* _HOW TO COMPLETE THIS TASK_
Dropping every picture, set down exactly the lines in the entries below, starting with the line with "Обратный взгляд на" and going on through the line with "Волонтери організували цю".

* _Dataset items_
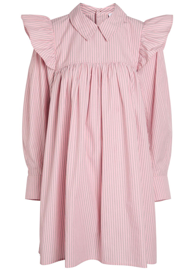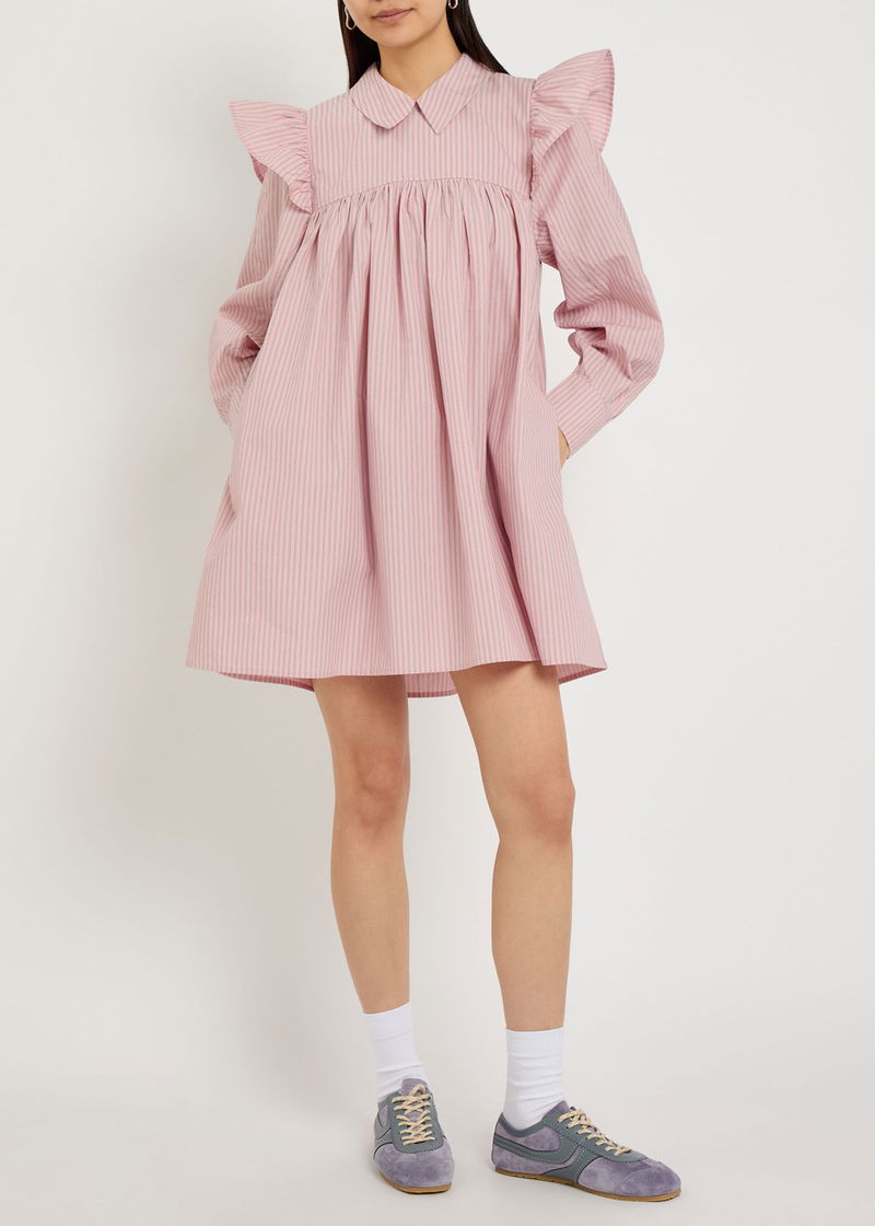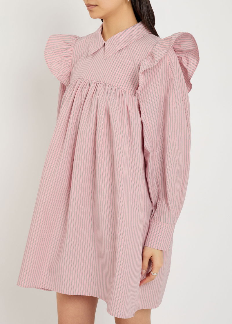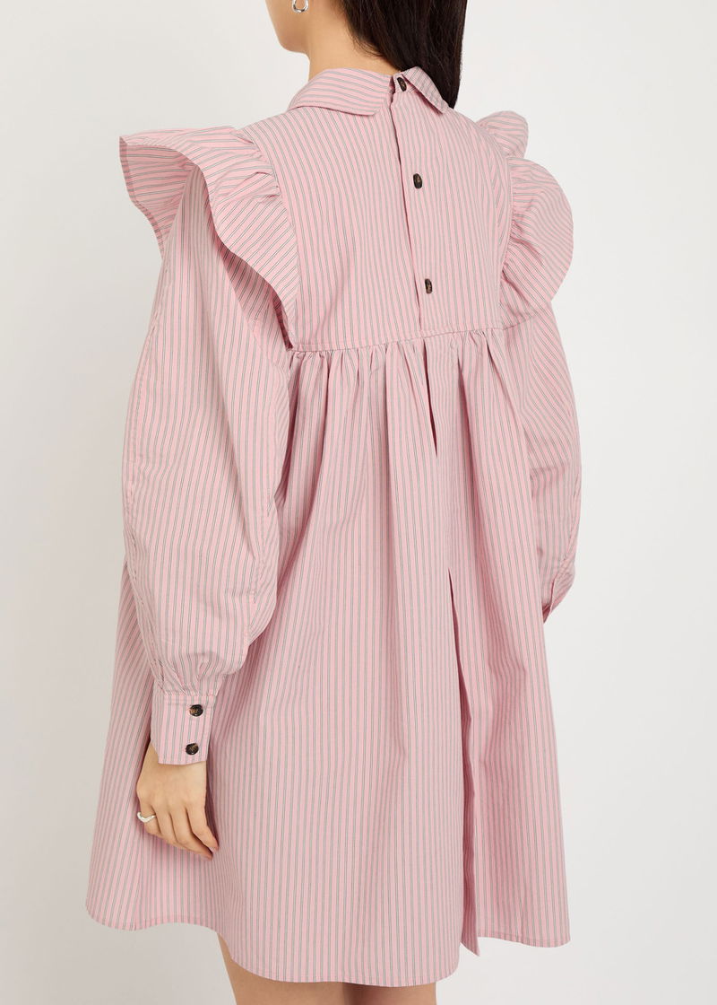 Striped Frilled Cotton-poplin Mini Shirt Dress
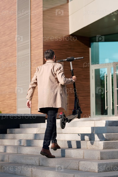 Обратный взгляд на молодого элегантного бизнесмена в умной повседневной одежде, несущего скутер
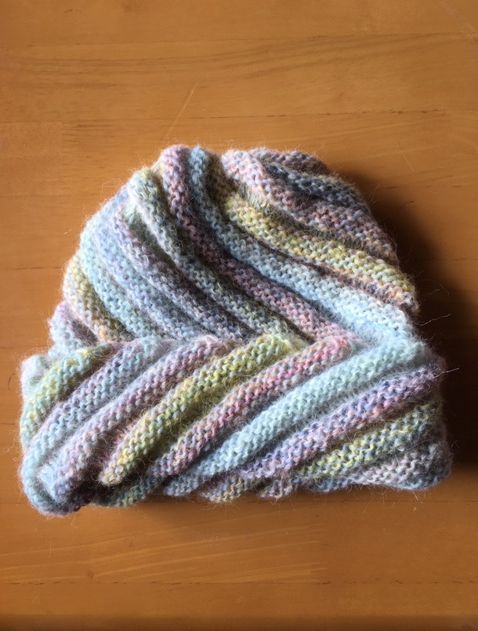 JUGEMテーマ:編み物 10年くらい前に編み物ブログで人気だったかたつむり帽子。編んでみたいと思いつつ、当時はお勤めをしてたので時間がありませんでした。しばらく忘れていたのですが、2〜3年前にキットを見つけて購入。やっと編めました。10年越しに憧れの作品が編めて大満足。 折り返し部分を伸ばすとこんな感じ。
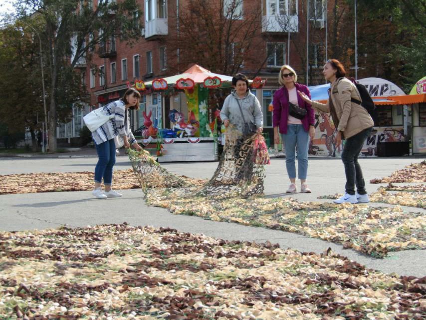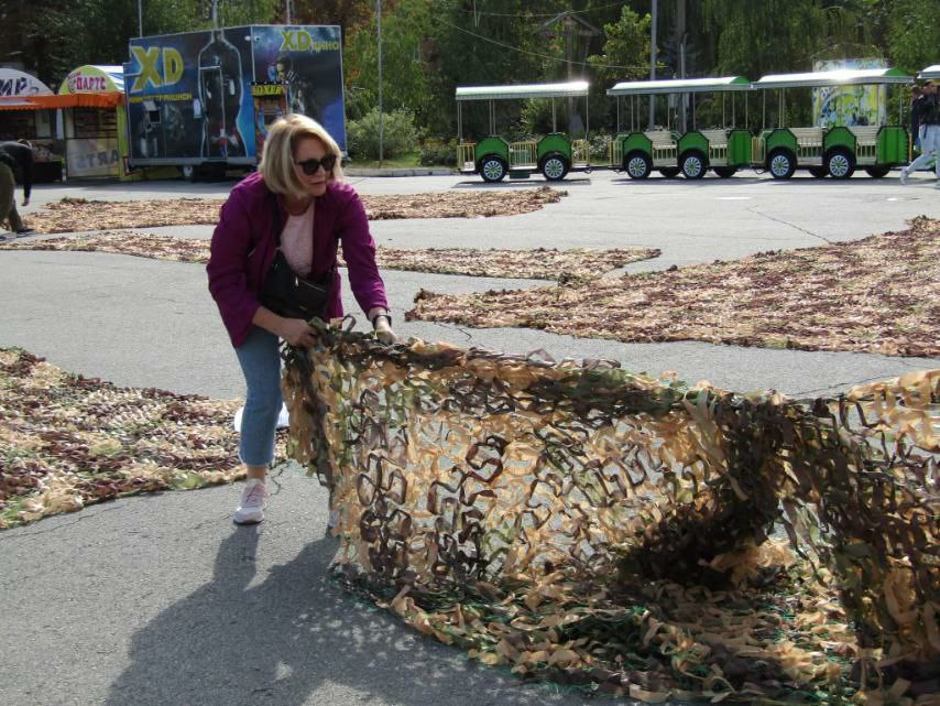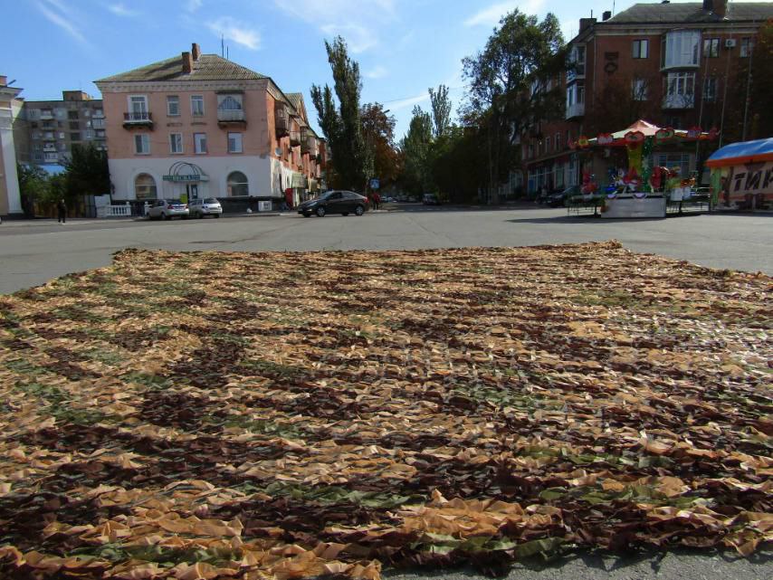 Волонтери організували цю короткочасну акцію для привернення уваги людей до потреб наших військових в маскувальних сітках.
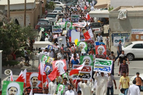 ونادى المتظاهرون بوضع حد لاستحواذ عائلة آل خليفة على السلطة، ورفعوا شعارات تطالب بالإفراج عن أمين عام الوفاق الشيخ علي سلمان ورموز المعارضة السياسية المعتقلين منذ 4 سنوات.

* _REPLY_
 Обратный взгляд на молодого элегантного бизнесмена в умной повседневной одежде, несущего скутер
 JUGEMテーマ:編み物 10年くらい前に編み物ブログで人気だったかたつむり帽子。編んでみたいと思いつつ、当時はお勤めをしてたので時間がありませんでした。しばらく忘れていたのですが、2〜3年前にキットを見つけて購入。やっと編めました。10年越しに憧れの作品が編めて大満足。 折り返し部分を伸ばすとこんな感じ。
 Волонтери організували цю короткочасну акцію для привернення уваги людей до потреб наших військових в маскувальних сітках.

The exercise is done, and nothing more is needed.